I have a large SQL routine that is getting the 1st, median, 3rd percentiles as an aggregate. I can almost replace the entire routine with EasyMorph if it had percentile support

I can try to recreate the formula using pure EasyMorph but it would be preferable to have a function for it or support calling external programs with STDIN/STDOUT without requiring an intermediate CSV file – Run Program - option to supply STDIN and STDOUT format

Sidebar: is any form of scripting on the roadmap?


#2

A percentile transformation is long due – it first appeared on our roadmap in 2015 :flushed:. Will bump it up into release 3.8. Grouping is a good suggestion – duly noted.

I keep thinking about this suggestion. The Input transformation would be a natural fit for reading from STDIN when no calling project present. Or maybe it should be a separate transformation. Writing to STDOUT could be a destination in the Export Text transformation (instead of a file). No clear vision on this yet.

I suppose at some point we’ll reach a point where Python or R integration would be needed but that’s not on the roadmap yet.

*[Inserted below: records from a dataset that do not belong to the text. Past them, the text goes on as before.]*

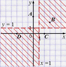 а) \((x-1)(y-1)>0\);
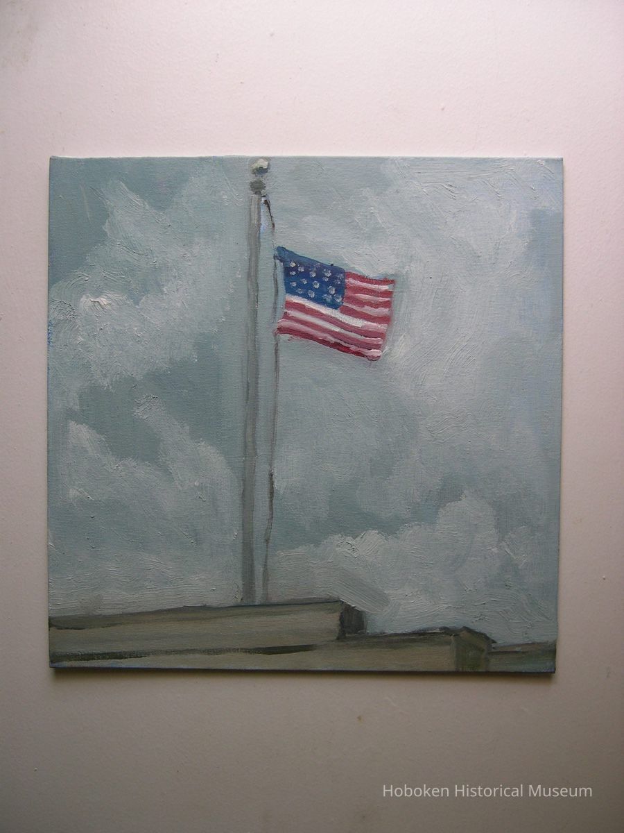 Notes: Notes written by Curran and sent to Museum collections along with the digital image files: Well it begins taking in my plants from the outside ledge. Hurricane Sunflowers is the photo 070, 071, also On that Monday afternoon, October 29, I took in my AC, soon after that I heard a snap outside and I looked out the window and the tree had falled right in the middle of the block. On First St. between Bloomfield and Garden. I think it was one of the first to fall, 051, 056 for city workers were soon there to take care of it. 092,093 is of the clean up after wards. Also on Nov1st, I went out to city hall and painted the Flag Still Standing 202 that is on top of old bank now Walgreens. I felt so guilty painting when all others were helping in the community.Friends of the museums told me to keep painting, you are doing service. I have two more images to send thanks Bill ---- August 22 For me the storm started on Monday Night Oct 29th. Seascape#169 I was painting on an oil painting and i just completed a part of water in a seascape, it was 915pm and i stood back and said i like that... all of a sudden the lights went out. I have a habit of ruining something after i like what i just did. So in a way it was a blessing that i could not touch it. so i lay down my paint brushes and what followed was one week of night living by candle light. The Storm reminded me of a blizzard except there was no snow, just black at night. It was very interesting thought to see folks walking down the street from my apt windows and casting these circular white shapes on the sidewalk from their flashlights as they strolled the evening in darkness. Also one night when i came home from St Peter and Paul's Church which i think never lost power , i stood on my front steps before retiring and i saw the stars on the corner of Bloomfield Street and First like i have never before. The sky was so dark blue and millions it seemed of stars were above my head. That was breathtaking. One week after Sandy, we had a Nor'easter, Tree,#185 oil on canvas, was done while nor'easter was belting snow and ice. I regret not shooting more photos, especially of City hall, with the Armed forces there. It was like MASH but just more intense. Rebuilding Hoboken#247, oil on canvas was painted on Garden street in the Spring. Folks were starting to repair what had been damaged from Sandy. Just as i started working on this painting the workmen too the wood leaning against the building away. note: the flag painting sent prior is oil on canvas board, all works are in my collection. ==== ==== Original or Copy: Digital copy Status: OK Status By: dw Status Date: 2014-09-26
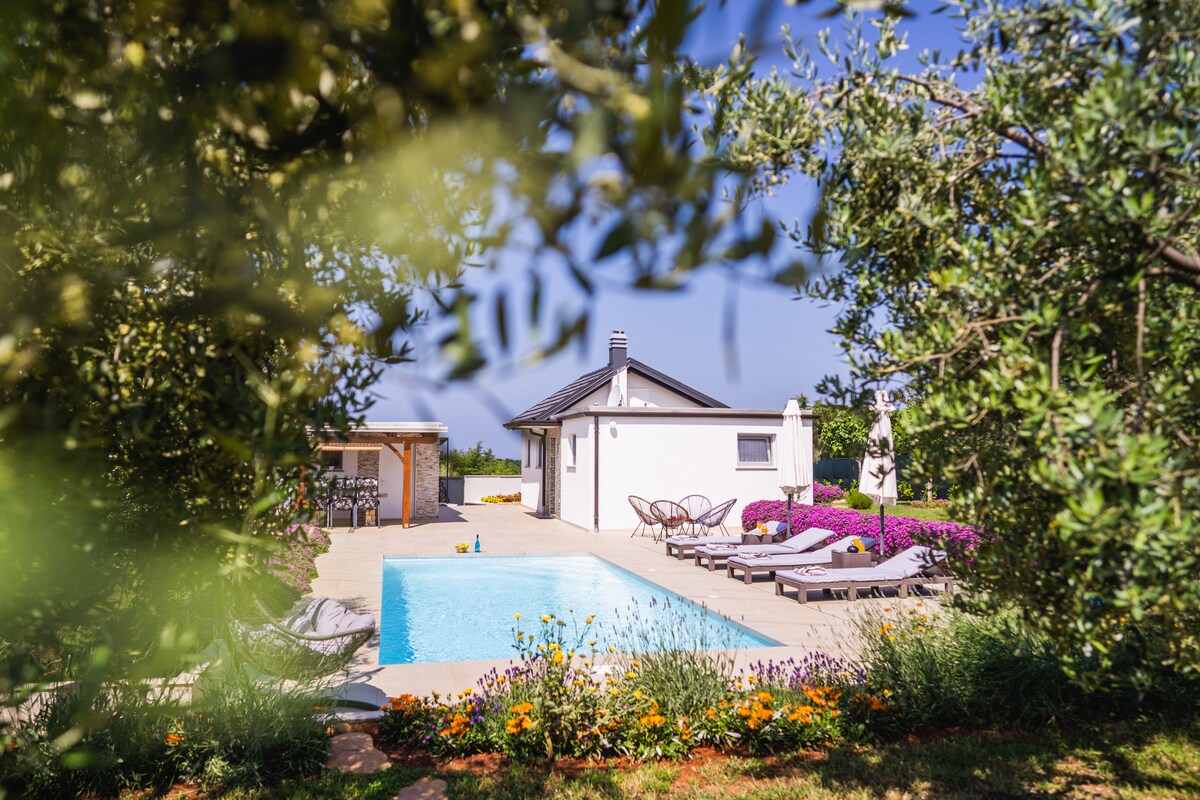 Villa Villetta – sjarmerende Istria-ferie Villa Villetta er perfekt for en familie med 2+2 barn, og den har ett soverom, et bad, stue med en dobbel sovesofa og et fullt utstyrt kjøkken. Nyt ditt eget 15 kvm store basseng, boblebad, solterrasse, lounge og grillområde, alt i en vakkert anlagt hage. Privat parkering er inkludert. Slapp av, slapp av og få mest mulig ut av Istria-ferien din!
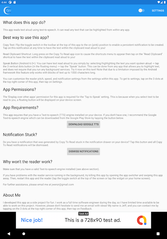Với Copy To Read - Text to Speech, chỉ cần sao chép một số văn bản, sau đó nghe như văn bản bạn đã sao chép được đọc lại cho bạn thông qua văn bản để nói. ứng dụng đọc văn bản này có thể đọc văn bản từ bất kỳ ứng dụng, miễn là các khoản tài trợ ứng dụng bạn khả năng sao chép văn bản mà bạn muốn được nói. Nó không thể được bất kỳ văn bản dễ dàng hơn để có đọc to cho bạn. Không cần phải nhập văn bản vào một ứng dụng để có nó đọc cho bạn. Trong khi văn bản được đọc cho bạn, một thông báo sẽ được hiển thị mà bạn có thể nhấn vào đó để dừng đọc bất cứ lúc nào hoặc bấm vào nút tạm dừng để tạm dừng đọc. Bạn cũng có thể nhấp vào bỏ qua phía trước và nút lùi vào thông báo để bỏ qua câu trong văn bản bạn đã sao chép. Vì vậy, không cần phải lo lắng về việc vô tình sao chép văn bản mà bạn không muốn được nói chuyện với bạn thông qua văn bản để nói.
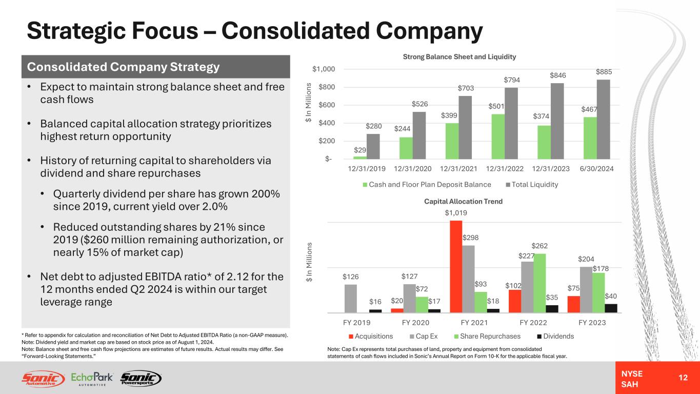 NYSE SAH 11 • Standardize operating playbooks and processes in existing stores to facilitate future organic and acquisition growth • Roll out modernized inventory management and marketing strategy • Manage expenses and inventory to mitigate effects of weaker seasonal demand in Q1 and Q4 while supporting higher seasonal demand in Q2 and Q3 • Expect to realize synergies from network effect, driving potential gains in used vehicle volume and F&I • Identify desirable acquisition opportunities at attractive valuations to grow this segment Powersports Strategy Note: Multiples are based on the most recent Kerrigan Blue Sky Report and Haig Report. Multiples are typically applied to a normalized dealership earnings before taxes. Luxury includes: Porsche, Lexus, Mercedes-Benz, BMW, Jaguar Land Rover and Audi Other Luxury includes: Volvo, Acura, Cadillac, Lincoln, Infiniti Import includes: Toyota, Honda, Subaru, Nissan, Mazda, Kia, Hyundai, VW Domestic includes: Chevrolet, Buick, GMC, Ford, Chrysler, Jeep, Dodge, RAM Acquisition Multiple Dealership Type Low High Luxury 6.3x 10.0x Other Luxury 2.0x 4.8x Import 2.5x 7.8x Domestic 2.5x 4.5x Powersports 2.0x 3.0x Strategic Focus – Powersports Segment * Refer to appendix for calculation and reconciliation of Adjusted EBITDA (a non-GAAP measure). Note: Gains in used vehicle volume and F&I are estimates of future results. Actual results may differ. See “Forward-Looking Statements.” $3.4 $7.9 $(2.4) $(0.8) $2.3 $(4.0) $(2.0) $- $2.0 $4.0 $6.0 $8.0 $10.0 Q2 2023 Q3 2023 Q4 2023 Q1 2024 Q2 2024 Powersports Segment Adjusted EBITDA* (Millions) Industry Seasonally Weak In Q4 & Q1

There are ideas about a Powershell transformation for PS commands/scripts. Will probably get implemented before the end of this year – Powershell turned out to be a good companion for EM.


#3

Attached is a EM project that can be used to calculate percentiles. Sharing it here for others in the interim. Glad to hear it’s making the 3.8 roadmap

Percentile.morph (8.9 KB)

Regarding the STDIN/STDOUT, I think the “Call Program” transformation could be used with a checkbox to supply the table a STDIN

Something like this:

It’s possible to work with the output already in EM (albeit not that smooth). This would seem to be the smallest change to support the need (eliminate intermediate files)


#4

Is the percentile transformation available? Maybe, I just don’t see it.

Thanks.


#5

Not exactly as the Excel percentile but the “Keep min/max” action in the percentile mode filters values that are above or below the specified percentile.

UPDATE
That’s not correct. I misunderstood the meaning of percentile.


#6

Thanks for this very fast reply. I try to analyze data and calculate every values difference to the median of its group. As of now, I don’t see how to do it… but I will give it another try tomorrow with a fresh mind.


#7

Here is a sample project that generates sample data in groups and then calculates the difference to the median of each group:
diff-from-median.morph (7.8 KB)


#8

Thank you very much. Your fast and profound reply is highly appreciated.